Another 3D-UNet model achieved Dice scores of 90.00% for WT, 83.00% for TC, and 71.00% for ET. This model used 3D convolutions to help capture more spatial context in volumetric MRI data. Our proposed ACU-Net model significantly outperformed existing models, with Dice scores of 94.04% for WT, 98.63% for TC, and 98.77% for ET. Adding attention mechanisms to the U-Net architecture makes our model more reliable for clinical applications, with higher accuracy and robustness in segmenting different tumor classes.
Discussion
The core improvement of ACU-Net resides in applying spatial and channel attention components to the classic U-Net architecture for brain tumor segmentation processes. The developed ACU-Net achieved higher performance than other segmentation models, as shown by enhanced values for DSC, HD95, and Average Symmetric Surface Distance (ASSD) measures. The research proves that attention-based feature refinement produces superior outcomes when delineating tumor boundaries, even when dealing with complex tumor shapes. The advanced attention mechanism in ACU-Net makes tumor boundary refinement more effective than the standard U-Net and Attention U-Net. The main attention gate operation of Attention U-Net occurs at the decoder stage. Still, ACU-Net uses spatial and channel attention locks through all levels across the complete encoder-decoder network paths. By implementing this method, features become more modifiable, which promotes better distinction between tumors and background components. Segmentation accuracy shows a significant decline in the ablation study when researchers disable the attention mechanisms in ACU-Net, demonstrating these mechanisms’ essential role in performance enhancement. Unlike traditional U-Net variants, where attention is either applied globally or only at the decoder, ACU-Net introduces multi-stage attention refinement. Spatial and channel attention modules are embedded in parallel branches and placed at each encoder-decoder level, ensuring both spatial precision and feature selectivity throughout the network. Furthermore, our design enhances skip connections by applying attention gating to encoder outputs before fusing with decoder features. This selective gating reduces background noise propagation. Additionally, we introduce parameter-efficient attention modules using shared projections to ensure scalability and deployment feasibility in clinical settings.
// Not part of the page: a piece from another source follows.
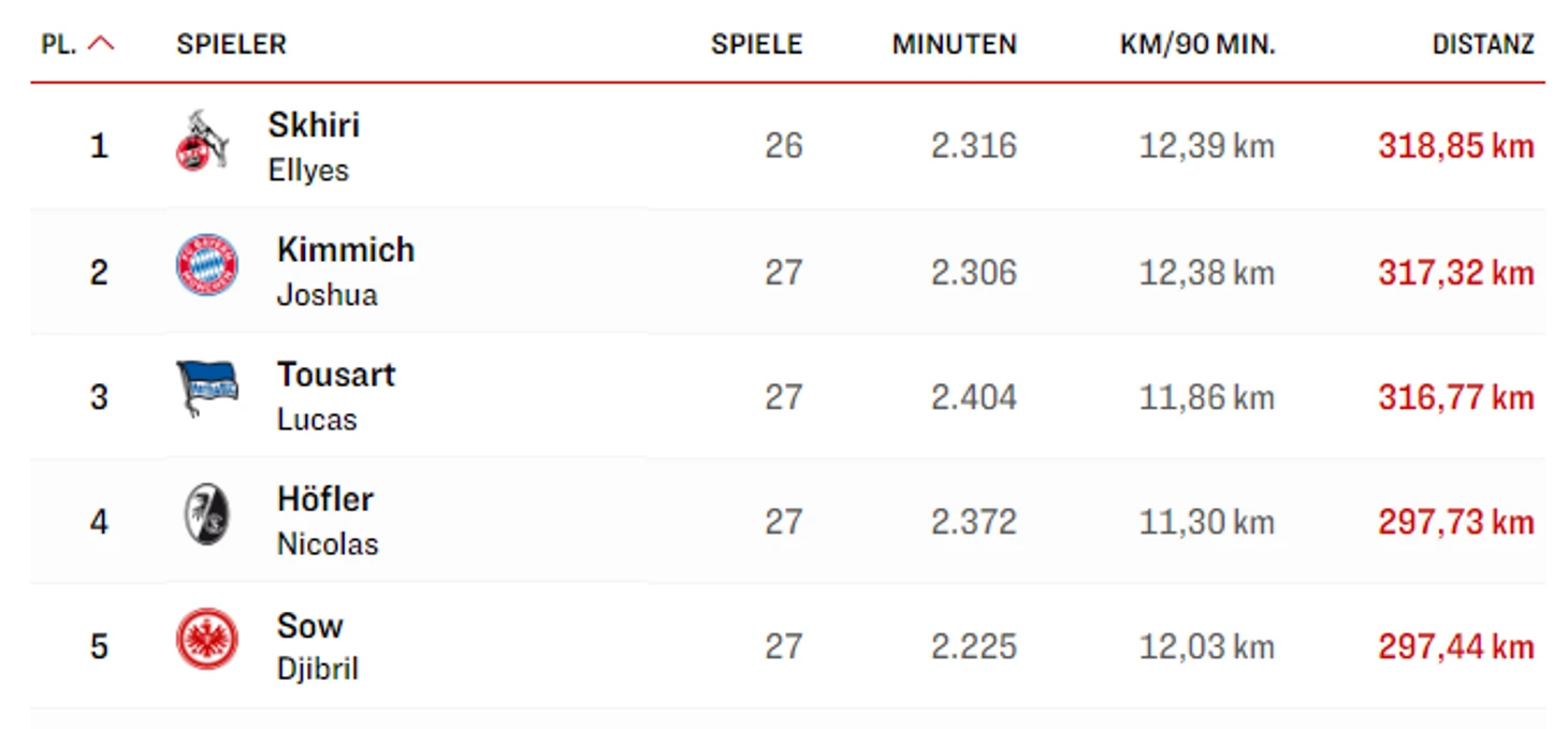 *игрок – кол-во игр – кол-во минут – в среднем км за 90 мин – всего км

The medical image segmentation field now utilizes attention mechanisms according to recent network designs, including SPA-Net (2024). The main distinction of ACU-Net lies in its implementation of multi-stage attention integration that delivers attention-based refinements through multiple layers instead of using a single attention module at the conclusion. ACU-Net uses parallel spatial and channel attention mechanisms, while SPA-Net focuses mainly on spatial attention; thus, the combination allows both spatial dependencies and feature-level improvements to boost segmentation accuracy. A failure of segmentation arises in cases of irregularly shaped tumors that lack contrast difference with their surroundings. ACU-Net demonstrates better DSC and IoU measurements results than traditional models specifically when segmenting tumor cores and improving tumor enhancement. The attention mechanism plays a significant role in feature refinement, enabling the model to precisely identify tumor structures. The research findings demonstrate that ACU-Net applies its high segmentation accuracy across various tumor types and multiple MRI sequence configurations.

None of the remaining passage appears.